To the main body of the printer section B100, the medium pack C100 is inserted from the direction of an arrow C as shown in FIG. 3. The printing medium C104 sent in the direction of an arrow C from the medium pack C100, while being sandwiched between a LF roller B101 and a LF pinch roller B102 of the below-mentioned printing medium carrying system, is carried on a pressure plate B103 in a sub-scanning direction indicated by an arrow B. B104 denotes a carriage which reciprocates in a main scanning direction indicated by an arrow A along a guiding shaft BIOS and a leading screw B106.

Inside a bearing of the carriage B104 for the leading screw B106, a protruding screw pin is fixed with a spring. An engagement of a tip of the screw pin B109 with a helical thread formed on the outer circumference of the leading screw B106 converts a rotation of the leading screw B106 to a reciprocating movement of the carriage B104.

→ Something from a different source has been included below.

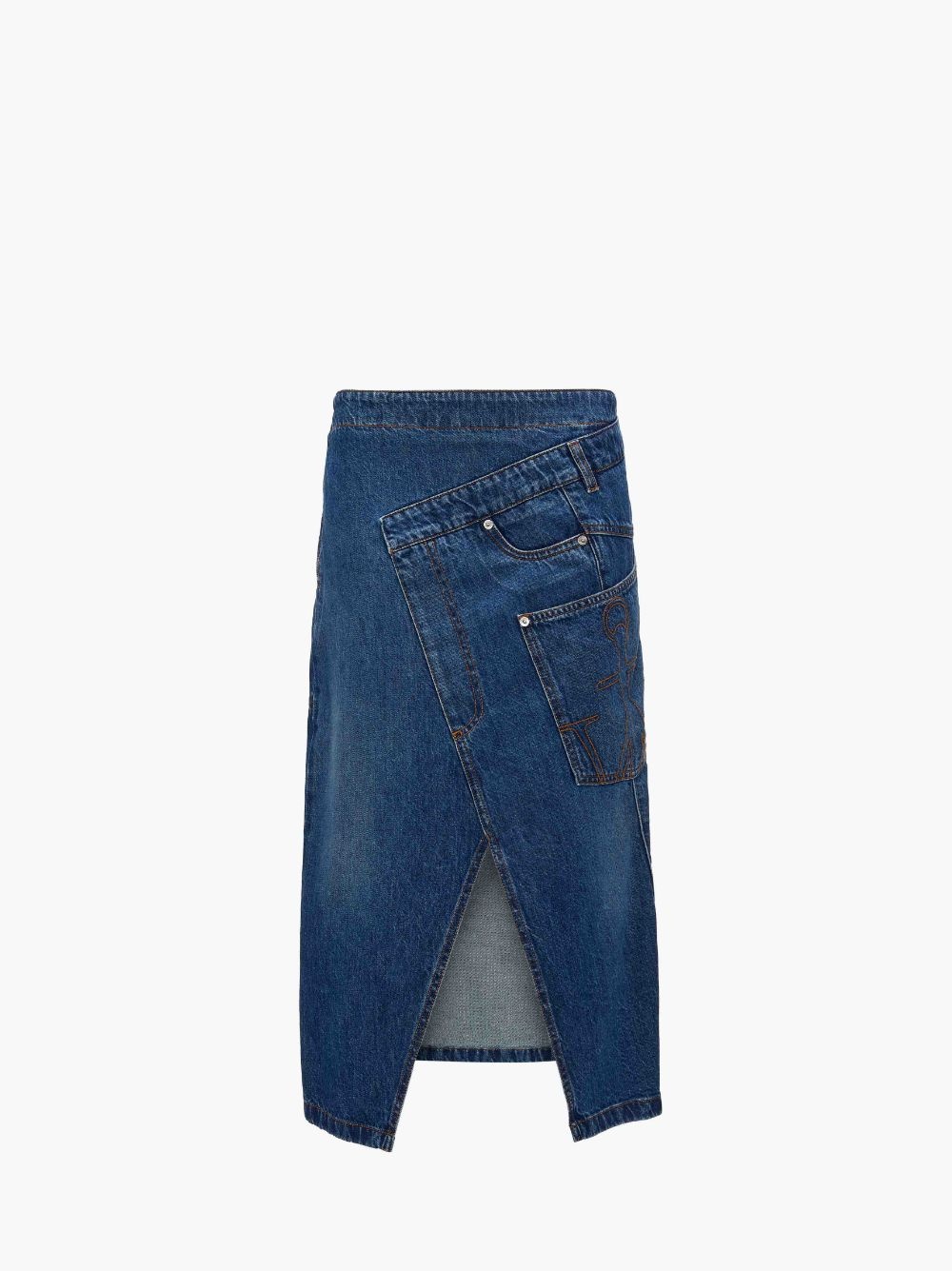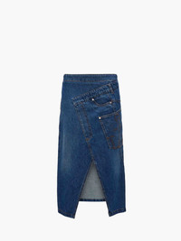 - Denim twisted midi skirt - Pencil skirt - Clean waistband - Front opening - Visible side zip - Silver hardware - Leather patch with logo embossed on the back - Unlined - Fits true to size - take your usual size Additional Information - Colour: Blue - Composition - Main: 100% Cotton - Denim twill - 10.5oz Rigid - Made in Italy

The carriage B104 is equipped with an ink jet recording head B120 (shown in FIG. 4) capable of ejecting the inks of Y, M and C as explained later, and a sub-tank for reserving or storing inks to be supplied to the recording head B120. Formed on the recording head B120 are a plurality of ink ejection openings B121 (see FIG. 4), which are aligned in a direction crossing with the main scanning direction indicated by the arrow A. The ink ejection openings B121 form nozzles capable of ejecting inks supplied from the sub-tank. As a generating means of energy for discharging the inks, an electro-thermal converting element equipped with each of the nozzles may be used. Each electro-thermal converting element generates a bubble in the ink within the nozzle by heating and thus generated foaming energy causes an ejection of an ink droplet from the ink ejection opening B121.

The sub-tank has a capacity smaller than the ink packs (main tanks) C103 contained in the media pack C100, and is made to be a size sufficient for storing a required amount of ink for recording an image corresponding to at least one sheet of printing medium C104. In the sub-tank, there are ink reserving or storing sections for each of the inks of Y, M and C, on each of which is formed the ink supplying section and the negative pressure introducing sections, wherein those ink supplying sections are individually connected to the corresponding three hollow needles B122 (see FIG. 4) and their negative pressure introducing sections can be connected to a common air suction opening B123 (see FIG. 4). As will be mentioned below, sub-tanks are supplied with inks from the ink packs (main tanks) C103 in the medium pack C100 when the carriage B104 moves to a home position.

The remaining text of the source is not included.